My husband and I bought our home in April of 2007.  We had been looking for several months before we found a great house at a great price that February.  It was a foreclosure though, so the entire process took a couple of more months after our first offer.  In the end, we accomplished our goal of buying way less house than we could afford.

Why We Wanted Less Than We Could Afford

As some of you may know about me, I don’t like debt.  It makes me itchy.  So my biggest reason for wanting an inexpensive home was so that we could pay it off as quickly as possible.  Our second reason was that we wanted a mortgage payment small enough that we could afford to pay it even if one of us lost our job.  Our $114,000 house fit the bill.

The $92,000 loan was low enough that we will be able to pay it off in 10 years or less without too much stress.  Plus the $740 monthly payment for 15 years in the beginning was doable in case of job loss.  The new refinanced $504 payment is even better.  We overpay to $900 every month religiously, but we do have that extra $400 to play with now if the need ever presented itself.

Other Benefits

We were approved for a $160,000 loan to start with, but then we wouldn’t have been able to put 20% down right off the bat.  I appreciated having solid equity in our home even when the housing market crashed in 2008.  It is nice to have that equity available as another backup in case we ever have to use more than our $15,000 emergency fund can handle.  I rather take out a home equity line of credit right now than be forced to sell stocks when they are at their lows.
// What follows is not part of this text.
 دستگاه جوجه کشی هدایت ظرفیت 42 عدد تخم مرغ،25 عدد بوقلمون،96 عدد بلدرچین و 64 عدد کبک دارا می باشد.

Another big benefit of affordable housing is the complete lack of stress.  We never have to worry about making our monthly payment.  It’s small enough that we could even keep our house for more than a year and a half if we both lost our jobs.  That means that even if my husband was thrown out of the school system at the same time blogging became unprofitable, our emergency fund, Roth IRA’s, and stocks could keep our bills paid (including the mortgage) for more than 18 months if necessary.  I love that sense of safety.
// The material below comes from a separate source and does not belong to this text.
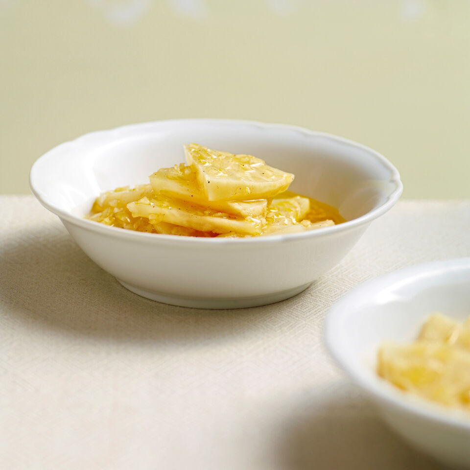 Den Sellerie aus dem Sud heben, 200 ml Sud abmessen. Die Sellerieviertel eventuell längs teilen, dann quer in ½ cm dicke Scheiben schneiden, in eine Schüssel geben. Die Zwiebel schälen, in feine Würfel schneiden und über den Sellerie streuen.

Avoid Buying Up to Your Limit

In short, I would highly suggest staying well under the amount you could afford to spend to buy a house.  Yes, a $160,000 home might have been bigger or better in some way to our $114,000 home, but we may have had more financial stress in our lives.  Our house is big enough and new enough to provide for all of our needs without needing any money poured into it.  The nice extras we may have passed up wouldn’t have been worth the extra stress to me.

How about you?  What do you think of buying less home than you can afford?

The following is a post from staff writer Crystal Stemberger at Budgeting in the Fun Stuff, where she writes about finding the balance between paying your bills, saving for your future, and budgeting in the fun stuff along the way.

26 thoughts on “We Bought Less House Than We Could Afford

  1. We did the same thing. When we started the process of buying a home we were allowed double what we bought our home for. It completely amazes me that it was that much. We figured out what kind of payment we could handle first and then went from there to finding a mortgage that fit that.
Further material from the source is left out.